From the stationary conditions for the variational principle functionals the systems of direct
and adjoint equations as well as the uncertainty equations are obtained [1, 2]. In general
case the systems can be solved iteratively with some conditions imposed to the
parameters.
As the splitting schemes is used, we propose to assimilate all available data at one model
time step but on the corresponding splitting stages by means of direct algorithms without
iterations. The approach can be called fine-grained data-assimilation. Such versions of
algorithms are cost-effective, easy to be parallelized and may be useful for integrated models
of atmospheric dynamics and chemistry.
In the case of convection-diffusion stage and one time step analysis window the
multidimensional model can be further decomposed with the splitting technique to a set of
one-dimensional models. Each resulting one-dimensional fragment has the form of three
diagonal block-matrix linear problem that can be solved with the matrix sweep method [3]. In
the case of assimilation windows longer than one time step the result of fine-grained
algorithm analysis can be used as initial guess.
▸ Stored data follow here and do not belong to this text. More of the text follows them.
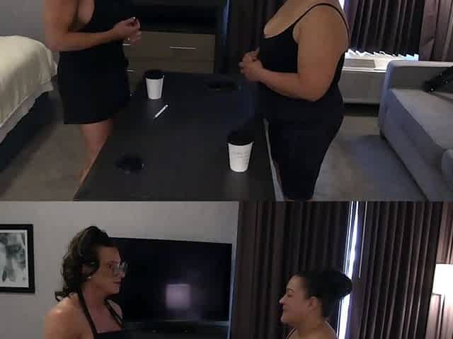 Big Ass MILFs Fuck Each Other with Strap on in Motel
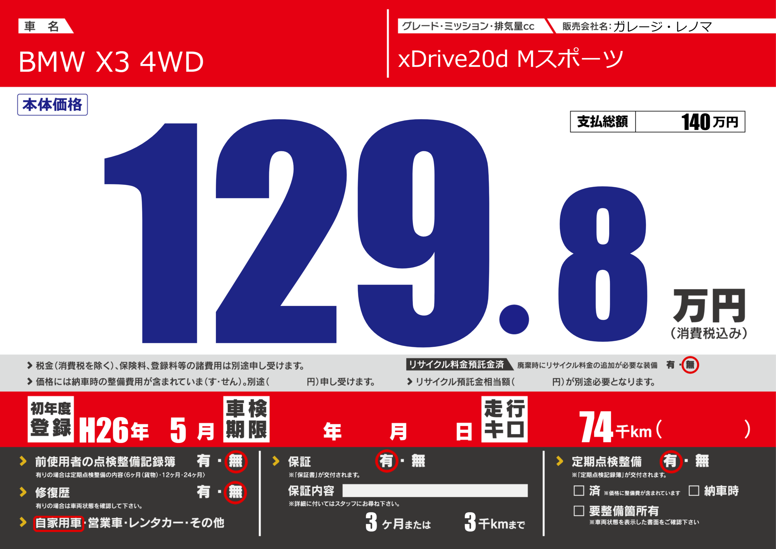 保証付き 保証内容(---) 3ヶ月または(3)千kmまで |
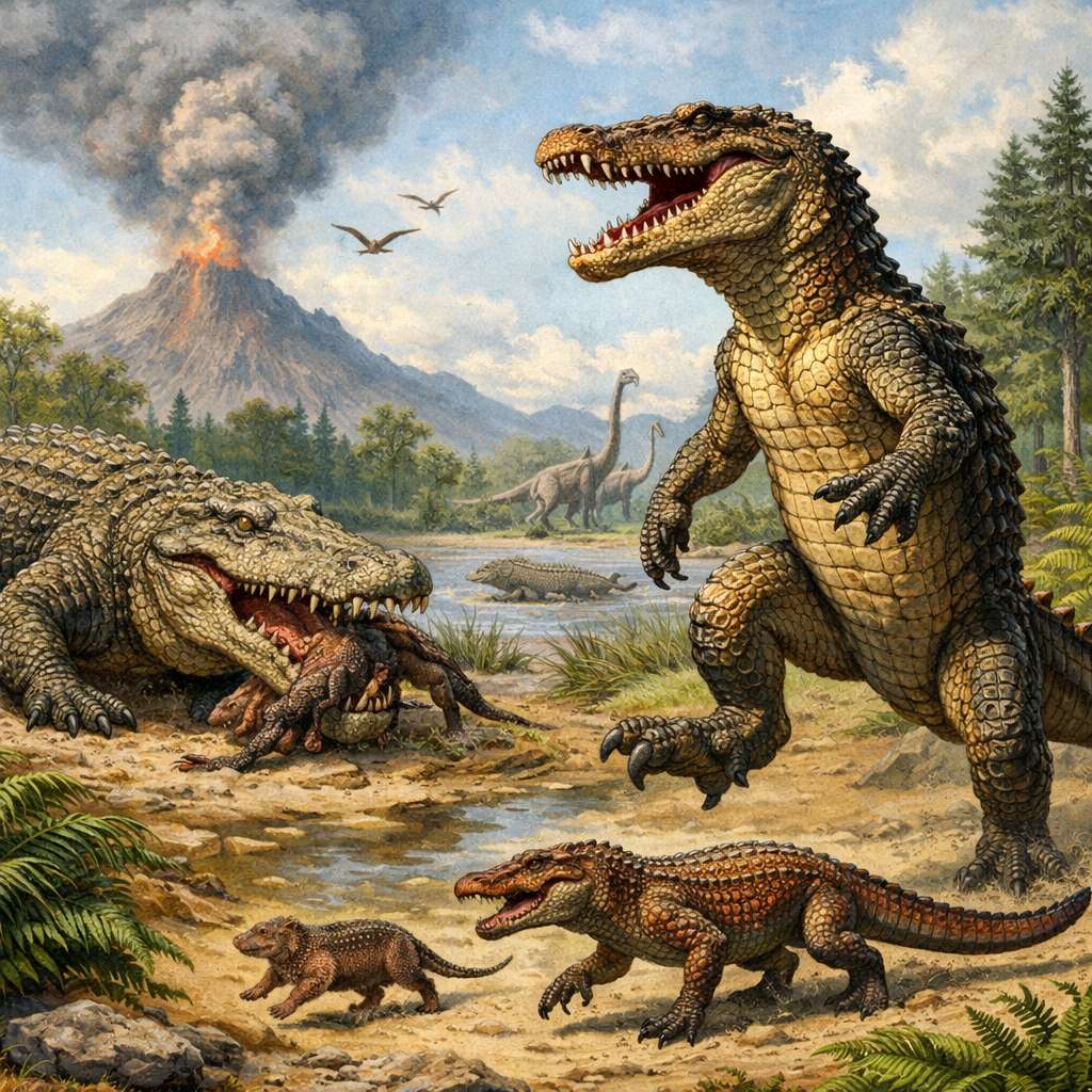 Le Trias voit apparaître les premiers crocodiliens au sens large, dans un monde profondément bouleversé par l’extinction permienne. Contrairement à l’image populaire, ces formes précoces ne sont pas définies par une vie aquatique. Beaucoup sont essentiellement terrestres, parfois élancées, dotées de membres longs et d’une posture relativement redressée. Certaines semblent adaptées à la course, ce qui tranche radicalement avec la locomotion lente associée aux crocodiles modernes.

The work is partially supported by the Programs No 4 of Presidium RAS and No 3 of
Mathematical Department of RAS, by RFBR project 11-01-00187 and Integrating projects of
SD RAS No 8 and 35. Our studies are in the line with the goals of COST Action
ES1004.
References:
V. V. Penenko. Variational methods of data assimilation and inverse problems
for studying the atmosphere, ocean, and environment // Numerical Analysis and
Applications, 2009, V. 2, No 4, 341-351.
V. Penenko, A.Baklanov, E. Tsvetova and A. Mahura. Direct and Inverse
Problems in a Variational Concept of Environmental Modeling // Pure Appl.
Geophys . DOI: 10.1007/s00024-011-0380-5, (2012) 169: 447-465.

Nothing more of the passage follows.